Тогда-то и возвратится Рисалат к своей бабушке.
…Стоял обычный день начала июня. На скудных землях аула Чогода окучивали картошку, в то время как в нижних аулах уже появились бледно-сиреневые цветы с желтыми зрачками.
Самолет, в котором летела Рисалат, уже делал круги над горами, когда колхозницы вышли в поле, расположенное около самого аэродрома.
Ближе всех к аэродрому работало звено Тухбат, ревнивой хранительницы старых устоев, не упускавшей ни малейшей возможности постоять за них, а также подчеркнуть, что она верная дочь этих неприступных гор. Может быть, в подтверждение того голос ее напоминал глухой вой ветра в ущельях, а платья она носила такие широкие, что в них свободно могло уместиться все ее звено. И потому, когда Тухбат ждала ребенка — а это случалось не так уж редко, — никто и не догадывался о готовящемся событии, тем более что Тухбат высокомерно пренебрегала декретным отпуском и до последнего дня работала в поле, так что, когда на свет появлялся новый человек, это выглядело так, будто он упал с неба, как звезда, или возник из земных недр, как морковка.

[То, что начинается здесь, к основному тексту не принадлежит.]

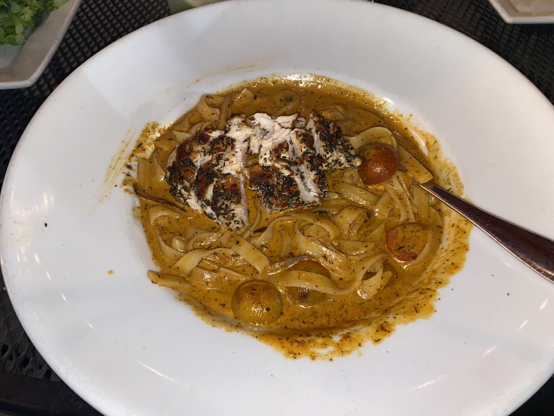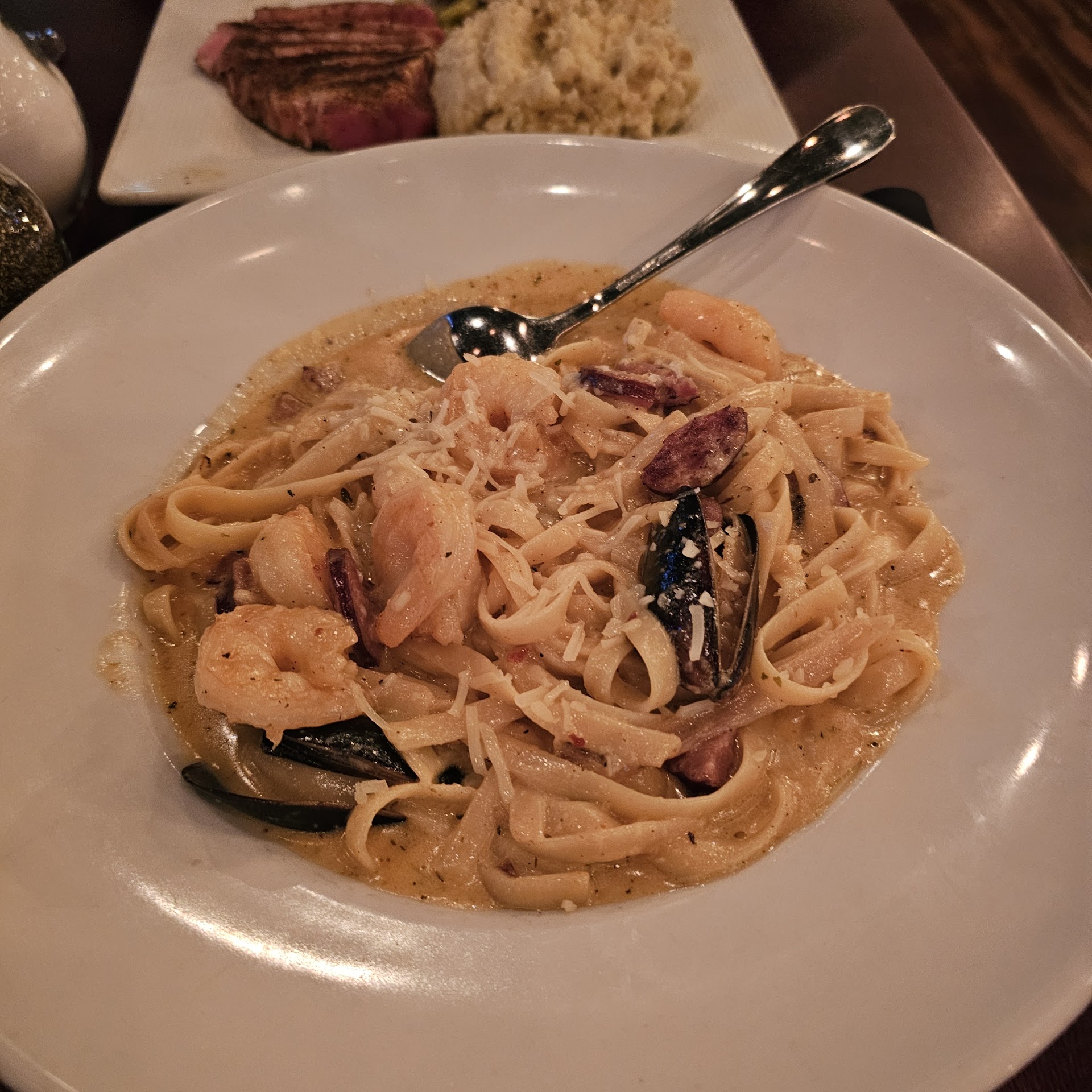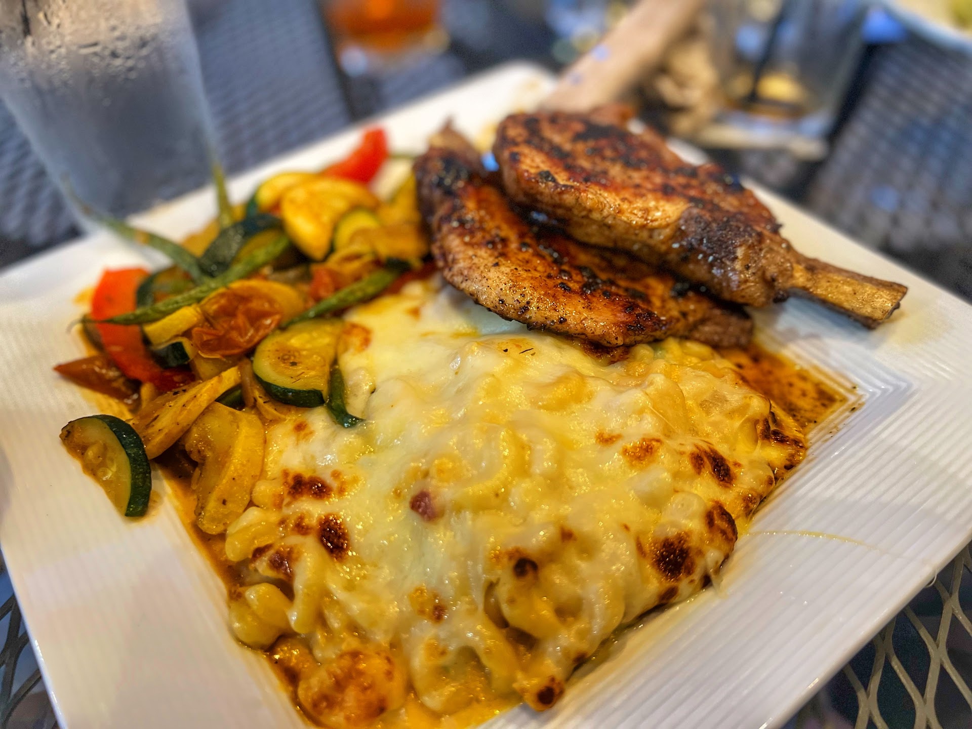 Read moreOur group of 5 went at 5 while students were gone. We were seated immediately and served drinks quickly. Our food was also served quickly, we were the only people in the restaurant at this time. We got crab cakes, chips and queso and macaroni bites as appetizers. The half off of macaroni and cheese bites and chips and queso was nice and why we ordered so many apps. Crab cakes were "wet" and mushy, macaroni and cheese bites were really crispy but tasted bland. The sauces served with them were confusing, honey mustard and remoulade? We ordered chicken Florentine, seafood pasta, black and blue salad and grilled chicken plate as entrees. Seafood pasta was inedible, too much seasoning especially salt. Chicken Florentine was good, not great. Black and blue salad was okay, and grilled chicken plate was okay, macaroni and cheese side was bland. Side salad was good especially croutons and ranch. We sat in a corner booth with a curious baby so her hands are into everything, window seals are dirty with flies. When picking up dropped crayons spider webs everywhere. The patio, while I know it's off season, was pretty bad, trash in corners, the tap fountain was full of algae water, the hostess stand was rotting and falling apart. Overall food was okay at best, service would have been perfect if we weren't waiting for our check and togo boxes for too long even when we were the only people in the restaurant. And the cleanliness was pretty low. First time we've been and probably the last...
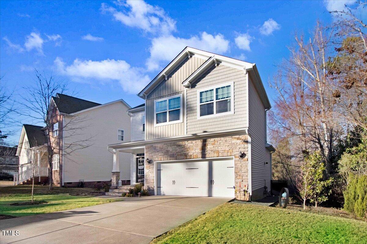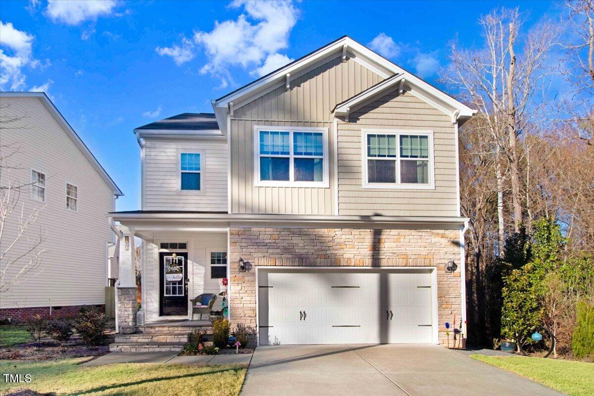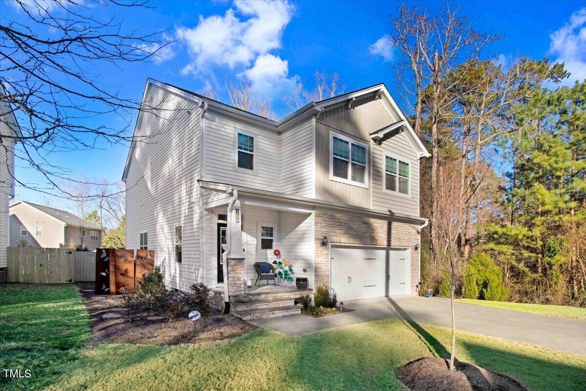 Welcome to your dream home! This beautifully maintained modern suburban gem with 2 car garage with ample storage. Clean lines, mix of siding and stonework, large windows 3 BR 2.5 BA home features the perfect blend of comfort, serenity and proximity to everything. Cozy front porch, neutral paint palette and gas fireplace is ideal for gathering. Open floorplan with generous primary suite upstairs. California Closets recently added have added smart storage and organized living. Slatwall garage storage, New Ceiling fans in BR, Newly added paver patio and architectural fencing allows the aesthetics and wildlife that is abundant in this peaceful culdesac. This home has a filter free top of the line HVAC system just installed (no maintenance) Includes a whole home Generac generator. New Washer/Dryer/Range. Say YES to this house! Seller planning to swap out refrigerator. Located .3 mi from American Tobacco Trail for cycling and walking!
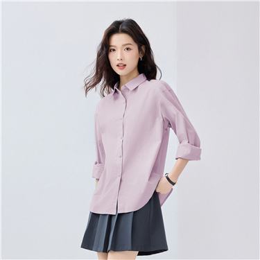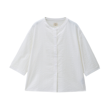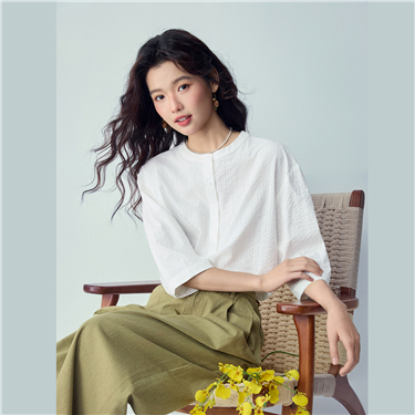 Subtle jacquard stripe 3/4 sleeve cotton blouse
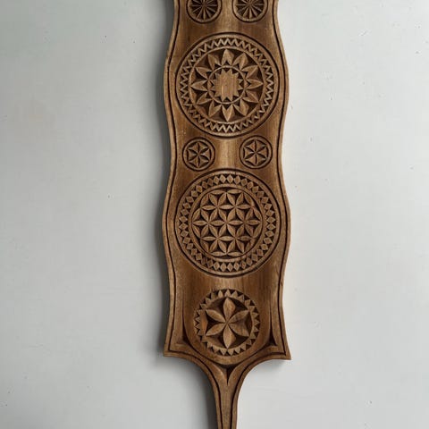 Rukinlapa, puinen seinäkoriste, pituus 30 ½ cm, leveyden levein kohta 9 cm, paksuus 8 mm, hinta 4 euroa.
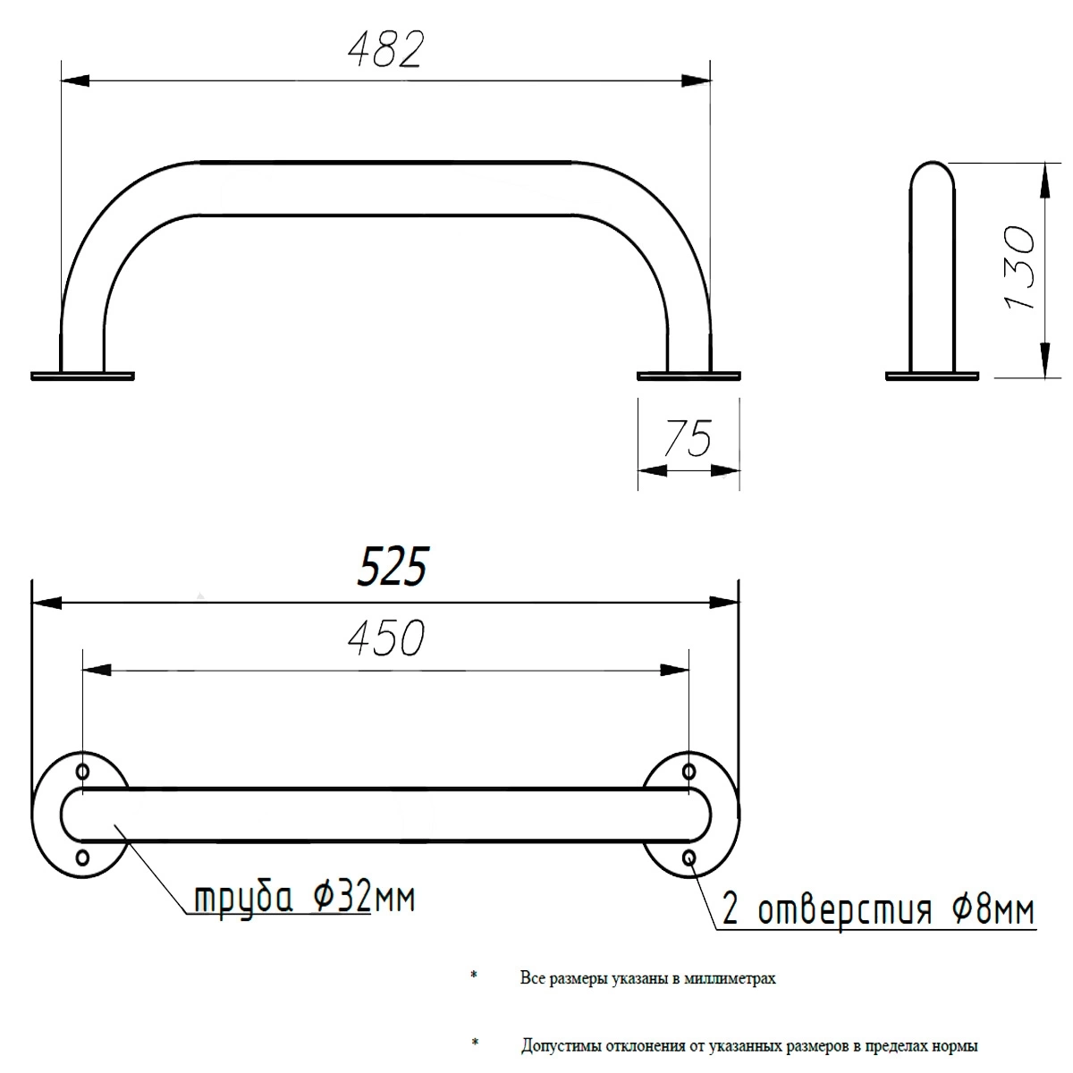 - Тип поручня - настенный-опорный
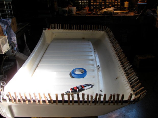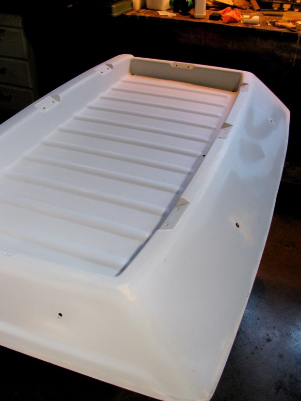 Then I used some thickened epoxy to fill some holes I had in the top. While the epoxy was curing I put a coat of paint on the luggage rack.
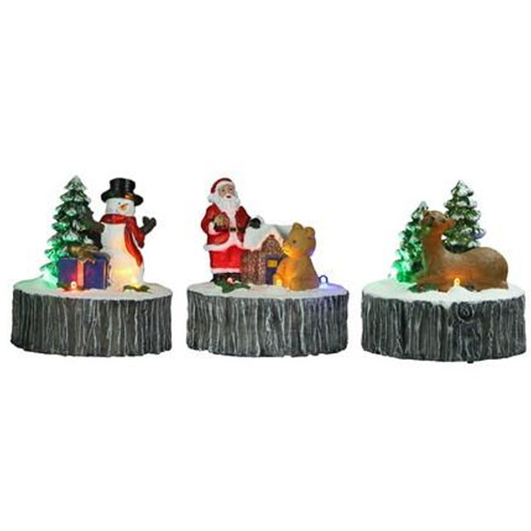 Válassz egyet a három különböző karácsonyi figura közül és biztos lehetsz benne, hogy a kis figura igen sokat fog hozzátenni az ünnepi hangulathoz. A három különféle figura mindegyike klasszikus téli, karácsonyi hangulatot áraszt magából. Az egyik egy őzgigát, a másik egy mókás hóembert, míg a harmadik magát a Télapót ábrázolja. Mindegyik figuracsoport egy fatönk szerű talapzaton kapott helyet, ami természetesen a havas borításával még inkább hozzájárul az ünnepi hangulathoz, akárcsak a kis fényforrások, amelyek kellemes melegséget kölcsönöznek a díszeknek.
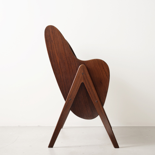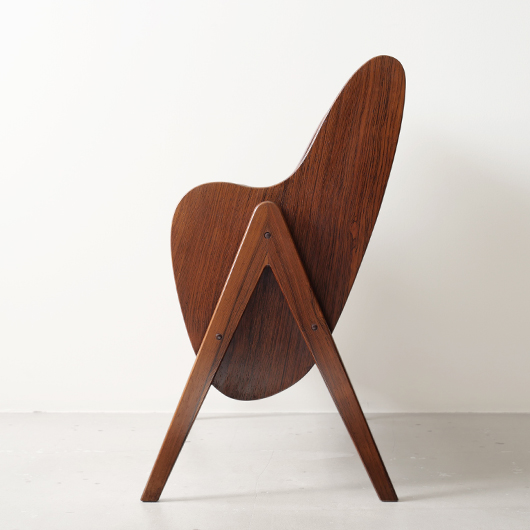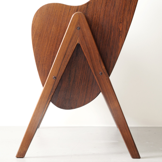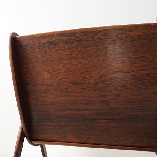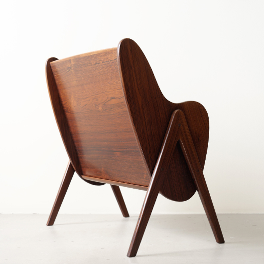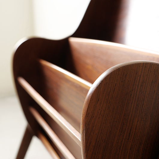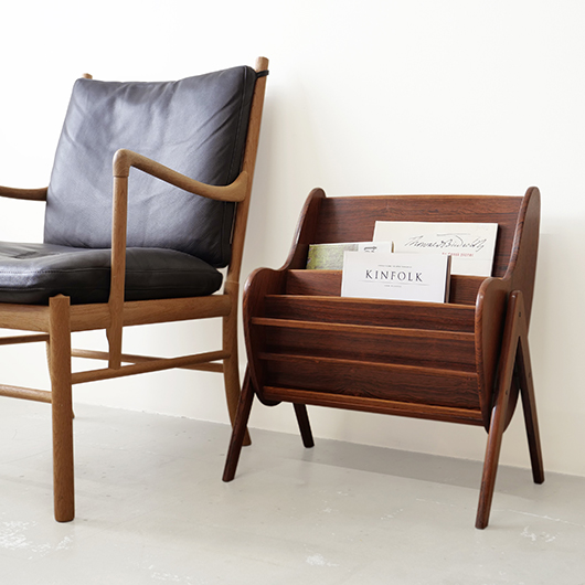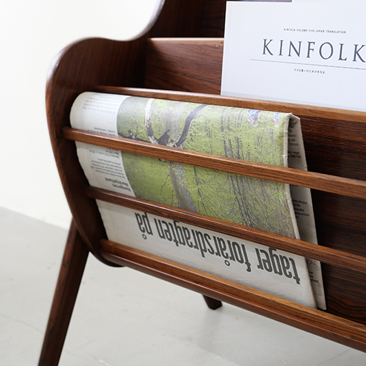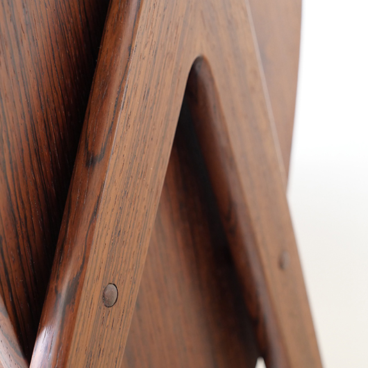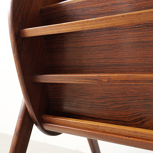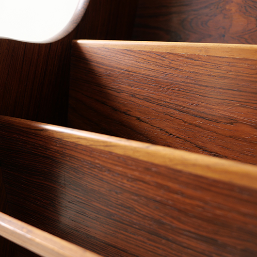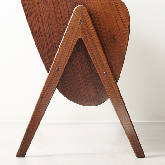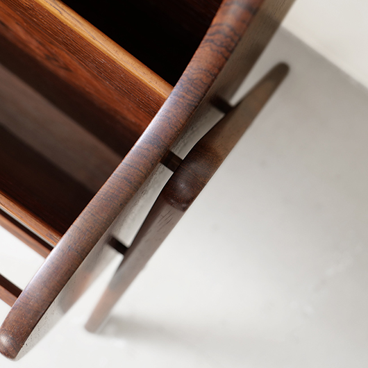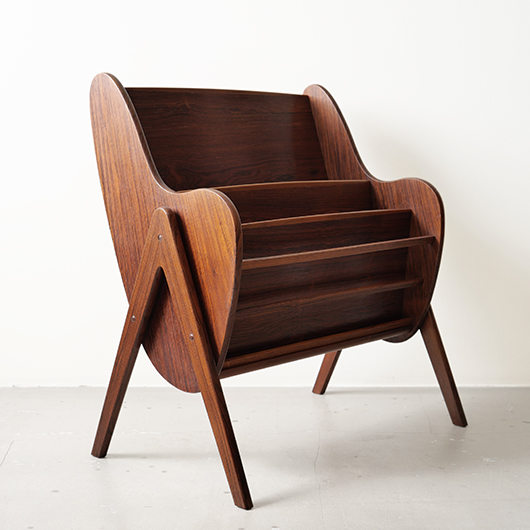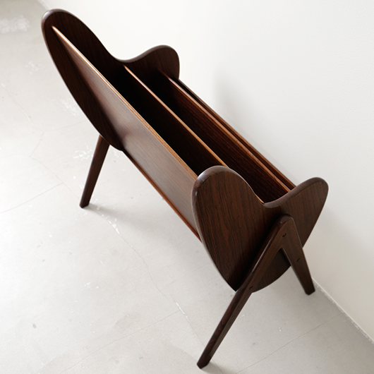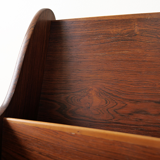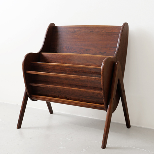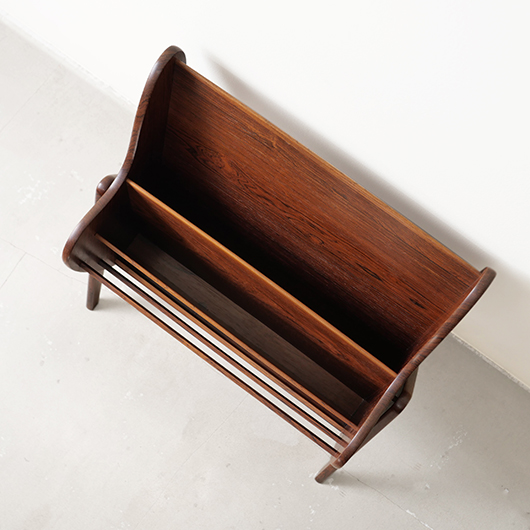 1950〜1960年代デンマーク製のヴィンテージマガジンラック。 側面の有機的なフォルムが目を惹くデザインで、正面から見える3枚の面上部もやわらかな曲線を描くという細部まで丁寧に作られています。 ローズウッド材を段をつけながら3枚の板を並べ、最前列は2本のスティックを渡して、合計3つの部屋に仕切られている作りです。 V字の脚部はスペーサーを挟んで両側面に取り付けているため、側面の美しさにより華を添え当時流行した浮遊感のあるデザインとなっております。 側面や脚部などは贅沢にも無垢のローズウッド材が用いられ、圧倒的なボリューム感に驚きます。サイズの割に重量もあり安定感があります。 当時流行した流線型のデザインの中でも一際こだわりを感じる一台です。工房やデザイナーなどは調べきれませんでしたが、高い技術を持つ職人により丁寧に作られた上質なものであることが伺えます。 ソファ脇やベッドサイドなどで、読みかけの新聞や雑誌など薄めの書籍を収納するのに良さそうです。入れたものがよく見える最前列には、お気に入りの表紙の本を飾るように収納しても良さそうです。 丁寧な修復を施しまして、全体的に綺麗な状態です。ところどころに小キズなど見られますが、雰囲気を損ねるほどではないかと思います。そのほか細部の状態などは画像をご参照ください。

К тому времени, о котором идет речь, Тухбат была матерью одной дочери и пятнадцати сыновей, из коих старший, Асхабали, уже окончил сельхозинститут и теперь работал в колхозе ветеринаром. В настоящее время он должен был находиться на совещании в Махачкале.
Так вот, когда самолет, в котором, прижавшись лбом к стеклу иллюминатора, сидела Рисалат, кружился над горами, создавая иллюзию неподвижности, а на самом деле с быстротою молнии приближаясь к аэродрому Чогоды, между двумя женщинами — Тухбат и Батул происходил такой диалог.
— Вай, сестра Тухбат, ты знаешь, что я не из любопытных. Но ходят слухи, будто между вами и семьей Хасият, что слились вместе, как два ручья в одной речке, вдруг выросла гора. Ай-яй-яй, ведь Супайнат так подходила твоему сыну Асхабали, как драгоценный камень прочной оправе.
— Вай, сестра Батул! Наверное, за одну ночь поседеет та мать, что испытает горечь разрушенного сватовства. Не было дня, чтобы не ныло мое сердце.
— Ну ты тоже неправа. Разве можно расстраивать свадьбу из-за такой мелочи. Подумаешь, девушка сделала на голове вторую голову из волос. Сейчас же другое время. Не может она одеваться, как мы… — и Батул кинула многозначительный взгляд на обширное платье соседки.
— Я этой Супайнат сказала по-хорошему: «Спускай ты этот сноп с головы». А еще, когда в клубе она вышла танцевать в обнимку с Асхабали, я тоже не выдержала: отозвала ее в сторону и предупредила, мол, ты живешь не в Париже, а в горном ауле Чогода. Так она как сверкнет на меня глазами: «Ты, Тухбат, не спеши снимать свои чарыки. И хинкал бросай в казан, когда в нем закипит вода. Я твоему сыну еще не давала согласия. А если вы с моей матерью сговорились, так с нее и спрашивай». Я, конечно, все это рассказала сыну.
— Ее тоже можно понять. Она же не колхозница, как мы. Как-никак институт окончила, учительница, у нее свои взгляды на жизнь. Ой, Тухбат, мне кажется, ты поспешила делать ей замечания. Ведь у тебя тоже дочь. Вот-вот заглянут сваты…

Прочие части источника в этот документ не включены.